Quercetin, a bioflavonoid obtained from buckwheat and citrus fruits, appears to stabilize the membranes of the mast cells that release histamine. Since quercetin's action is preventive, it's best taken daily a week or two before pollen season and continued throughout. Quercetin is used widely for sinus problems and aids in capillary fragility. Yellow onions contain high levels of quercetin, an especially potent antioxidant with some anti-inflammatory properties. It should be avoided during pregnancy.
Citrus Bioflavonoids help protect capillaries, prevent bruising, and intensify the effect of vitamin C in the body. In fact, Bioflavonoids are essential for total vitamin C effectiveness. Citrus Bioflavonoids provide natural antiviral, anti-inflammatory and anti-allergy properties. In addition, certain bioflavonoids are beneficial for fighting infections, free radical damage, viruses, and common colds. Bioflavonoids have also been used to help alleviate symptoms related to allergies and respiratory conditions. Citrus Bioflavonoids are sometimes considered vitamins because they possess the properties of a vitamin, and are sometimes referred to as vitamin P. They are found in several forms, including hesperidin, eriodictyl, quercetin, rutin, and hesperitin.
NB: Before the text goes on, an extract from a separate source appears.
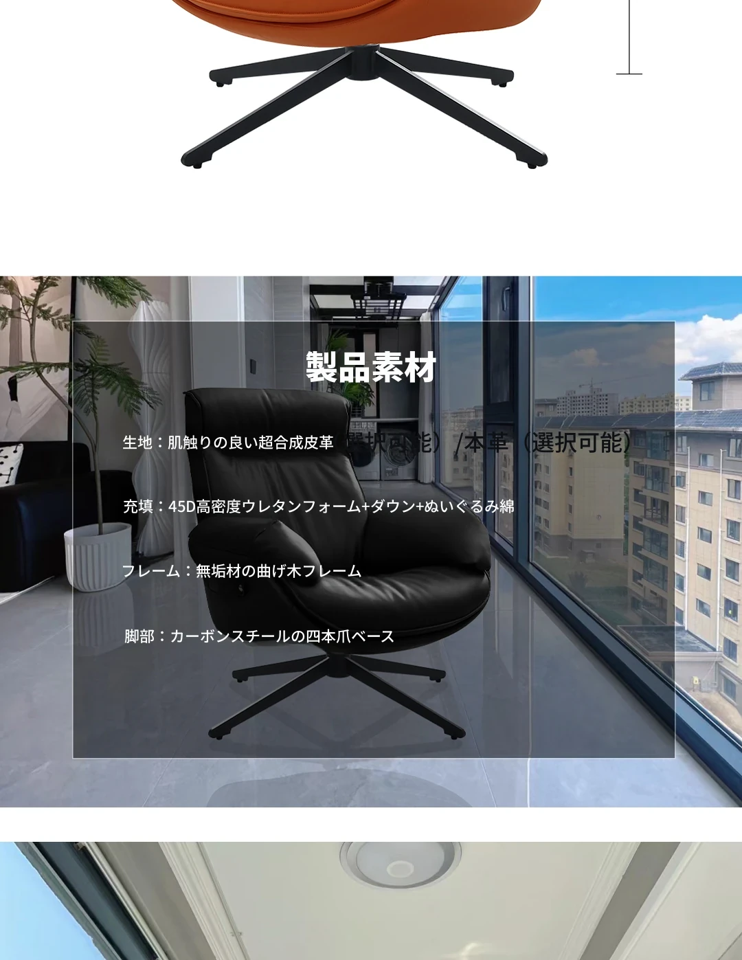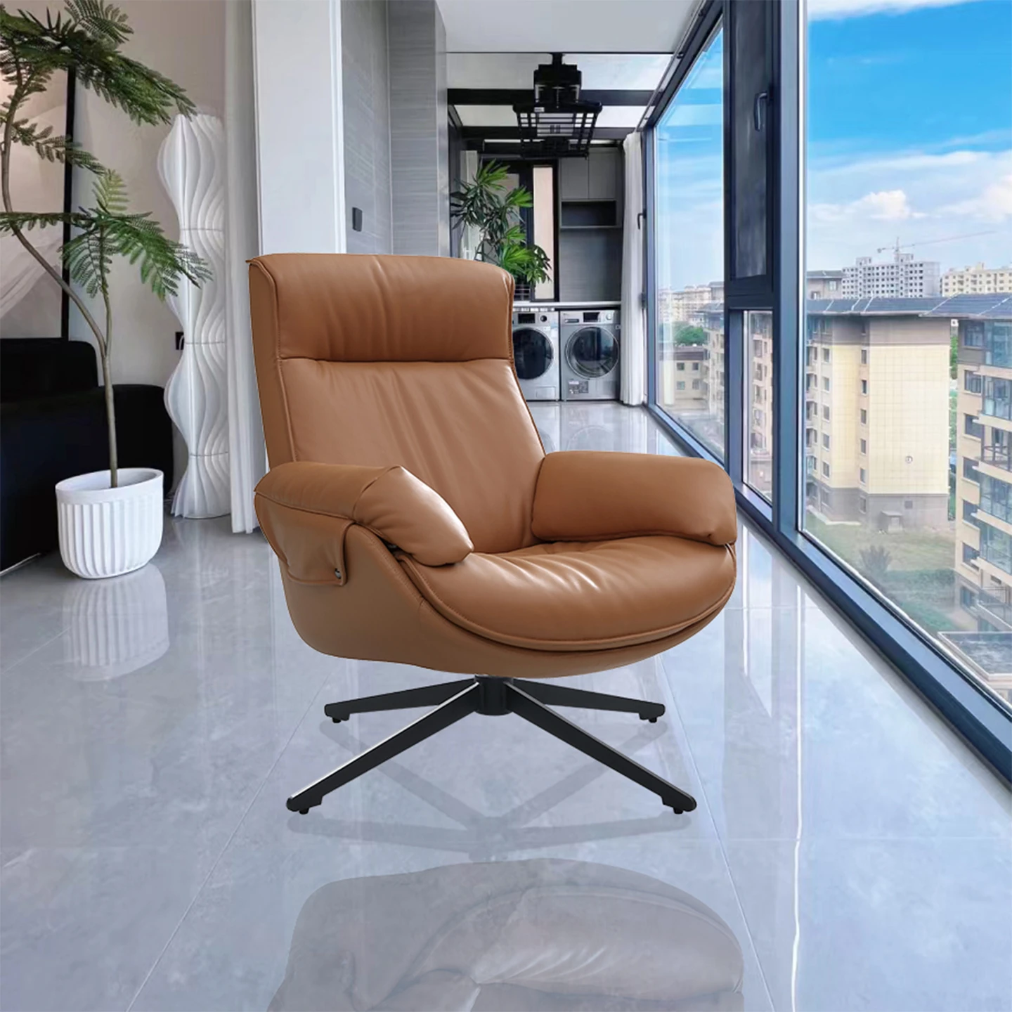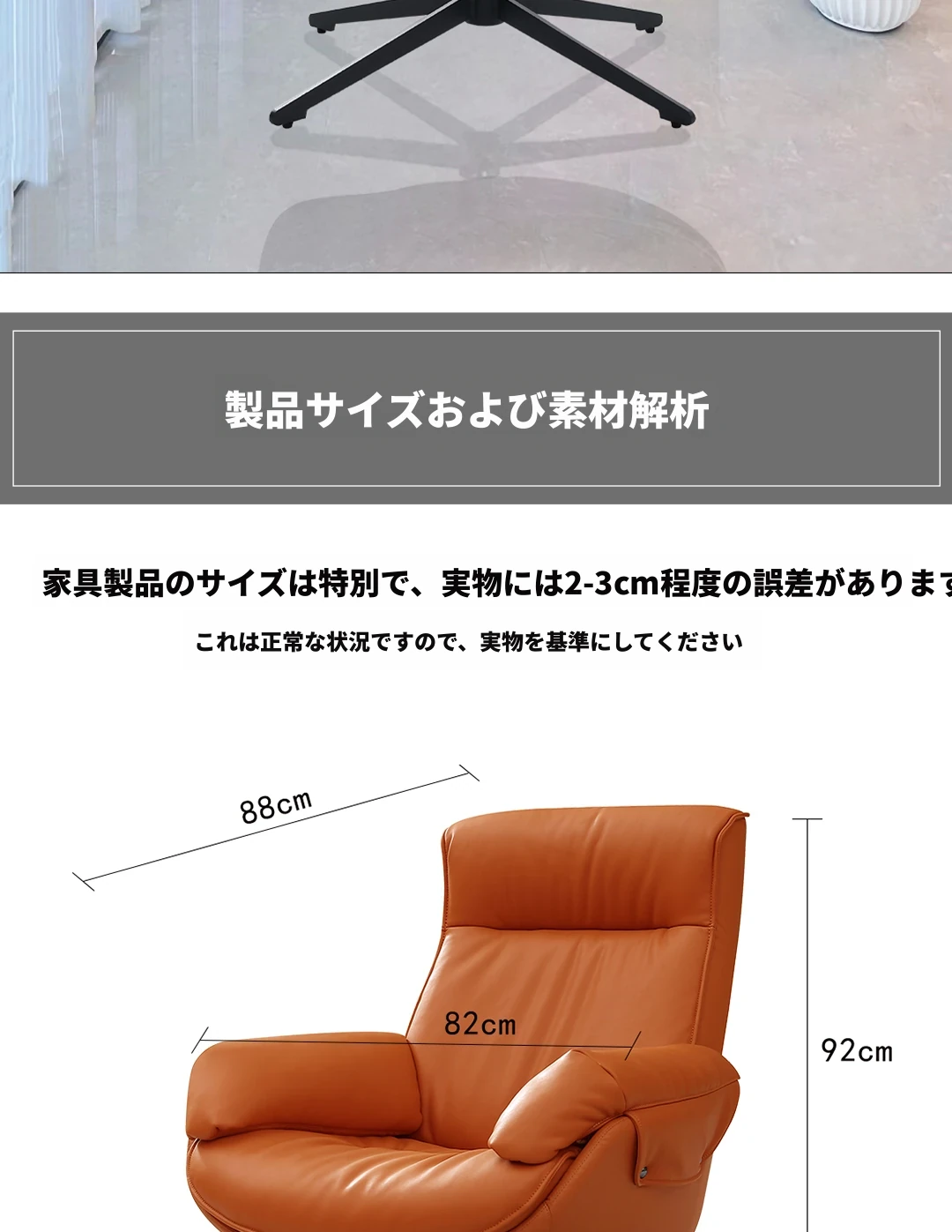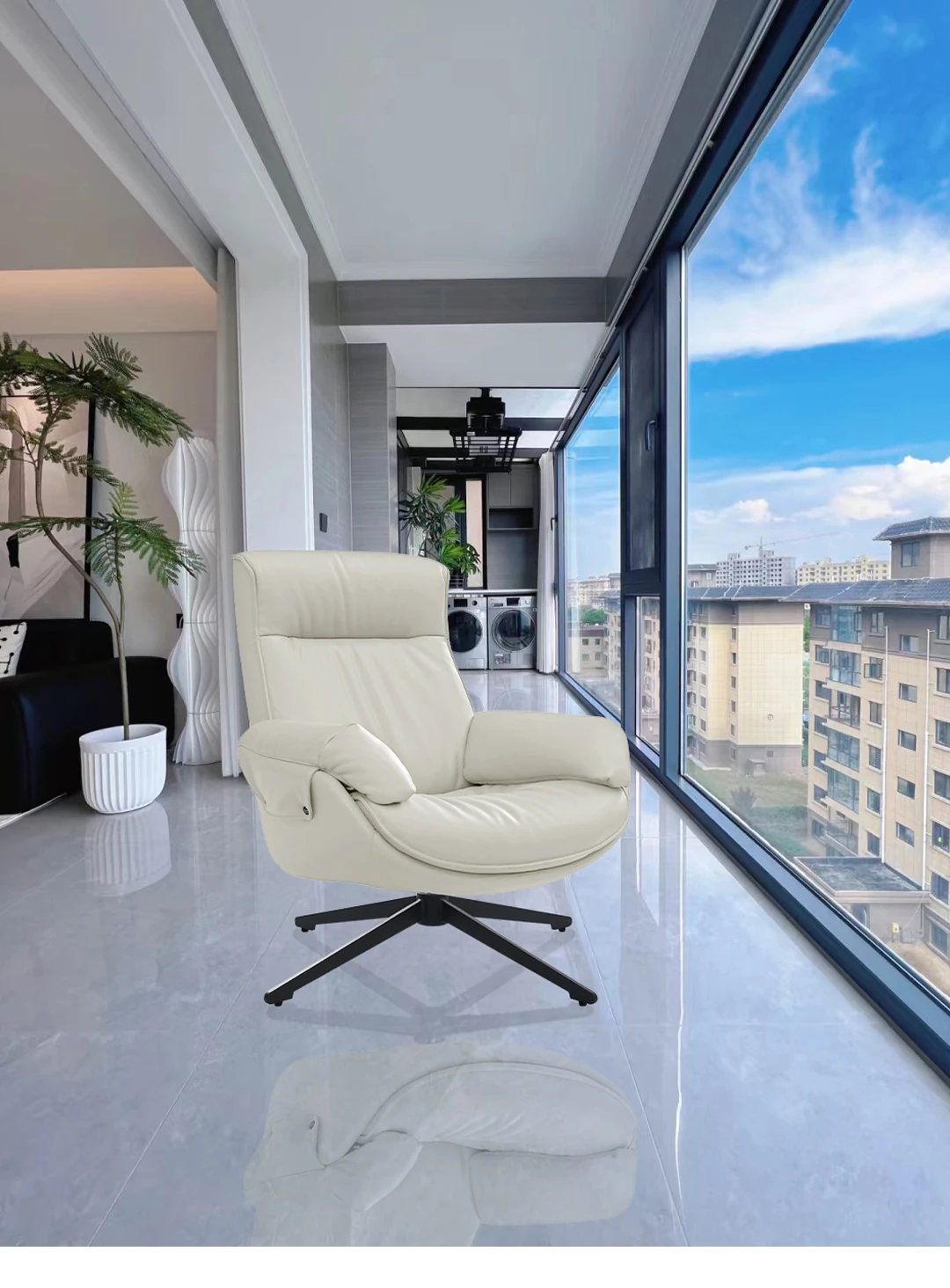 高級本革回転ソファチェア - リビングルームにぴったりな高級一人掛けリクライニングチェア。バルコニーにも最適なラグジュアリーなリラックスソファで、贅沢なひとときをお楽しみください。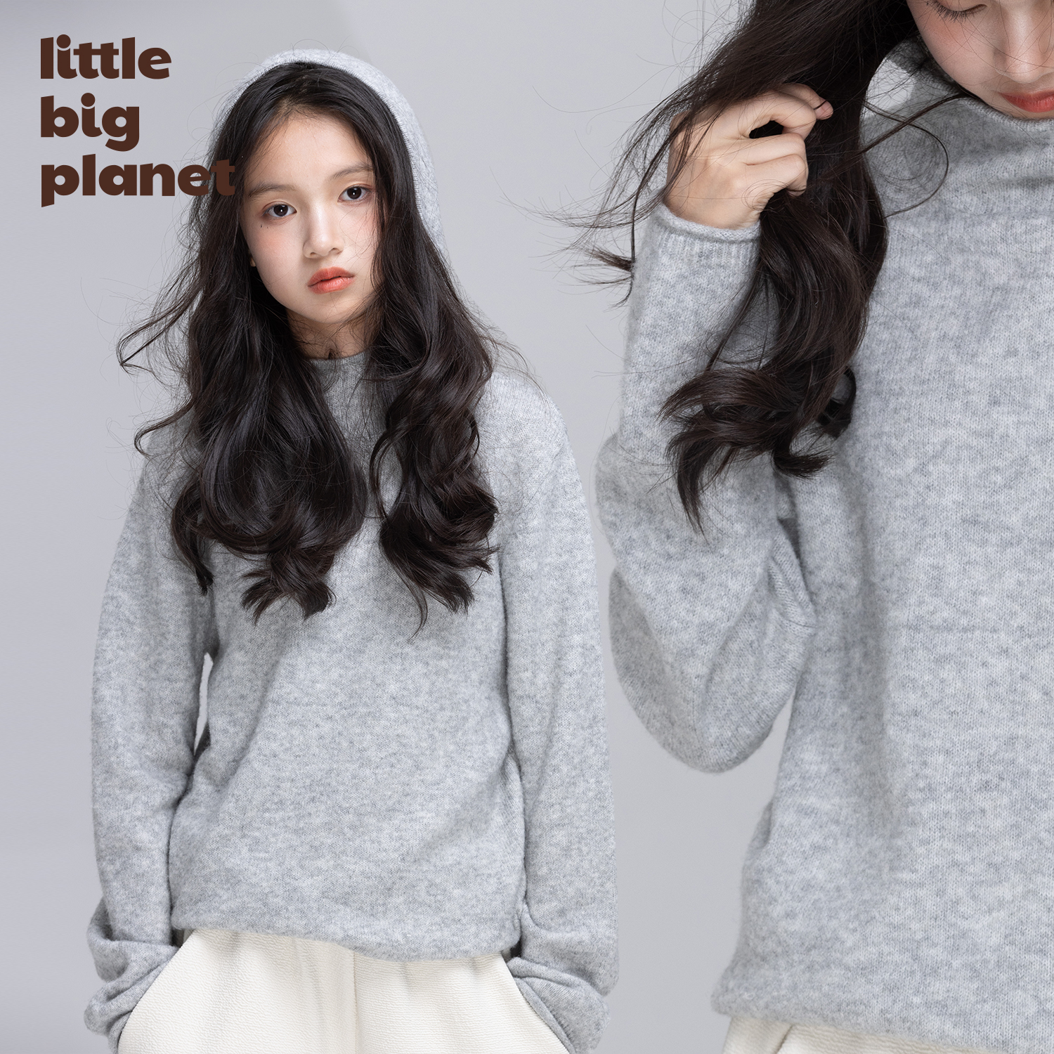 小小大星球童装 超细羊毛混纺软糯针织毛衣 两色女童温暖连帽毛衣

They cannot be produced by the body, and therefore have to be taken as dietary supplements. Typical sources for Bioflavonoids also include the natural substances found in the peels of citrus fruits, peppers, and black currants. Other sources include apricots, cherries, grape fruit, grapes, lemons, oranges, prunes, rose hips.
Quercetin is typically found in plants as glycone or carbohydrate conjugates. Quercetin itself is an aglycone or aglucon. That is, quercetin does not possess a carbohydrate moiety in its structure. Quercetin glycone conjugates include rutin and thujin. Rutin is also known as quercetin-3-rutinoside. Thujin is also known as quercitrin, quercetin-3-L-rhamnoside, and 3-rhamnosylquercetin. Onions contain conjugates of quercetin and the carbohydrate isorhamnetin, including quercetin-3,4'-di-O-beta glucoside, isorhamnetin-4'-0-beta-glucoside and quercetin-4'-0-beta-glucoside. Quercetin itself is practically insoluble in water. The quercetin carbohydrate conjugates have much greater water solubility then quercetin.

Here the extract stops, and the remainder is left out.